I've spent most of my life inside performance systems—first as an athlete, then as a coach, and now as a technologist.
Growing up, I played a wide range of individual and team sports, which gave me an early appreciation for both personal responsibility and collective dynamics. That curiosity led me to formal study, completing a Bachelor of Exercise and Sport Science, followed by a Master's degree in High Performance Sport. I went on to spend years coaching people both in person and online, working across different goals, constraints, and levels of commitment.
Over time, my interests expanded beyond training alone. I transitioned into the tech industry while maintaining a deep engagement with health, fitness, and performance. That shift proved invaluable. For the first time, I was experiencing the same pressures as many high-performing professionals: cognitive load, long workdays, competing priorities, and the challenge of sustaining health without structuring life around the gym.

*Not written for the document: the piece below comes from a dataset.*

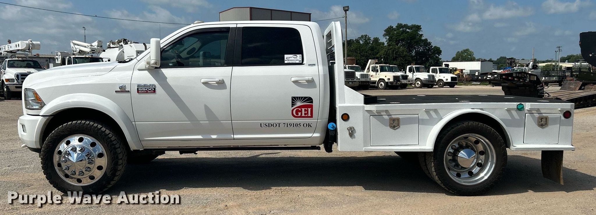 Purple Wave is selling a used Flat Bed Truck in Oklahoma. This item is a 2012 Dodge Ram 5500HD Crew Cab flatbed pickup truck with the following: Miles: 297,458 on odometer, VIN: 3C7WDNEL0CG264059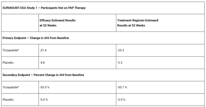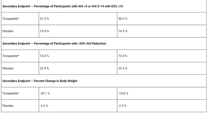 [1] Lilly's tirzepatide reducedobstructive sleep apnea (OSA) severity, with up to 51.5% of participants meetingthe criteria for disease resolution. Retrieved June 24, 2024 from https://investor.lilly.com/news-releases/news-release-details/lillys-tirzepatide-reduced-obstructive-sleep-apnea-osa-severity

Today, my training reflects that broader perspective. Alongside strength work, I practise Muay Thai and Brazilian Jiu-Jitsu, not just to build physical capacity, but to experience life more fully—coordination, resilience, skill acquisition, and controlled adversity. Getting bigger and stronger still matters, but it's no longer the sole objective.
Stepping outside the fitness industry gave me something most coaches never acquire: distance. That distance exposed common biases and blind spots—oversimplification, dogma, and advice that works well on paper but poorly in real life. It also sharpened my ability to think in systems: how physiology, behaviour, environment, incentives, and time all interact.
Zoos exists at the intersection of those experiences. It's where performance science meets real-world constraints—designed for people who want to be strong, capable, and healthy without making fitness their full-time job.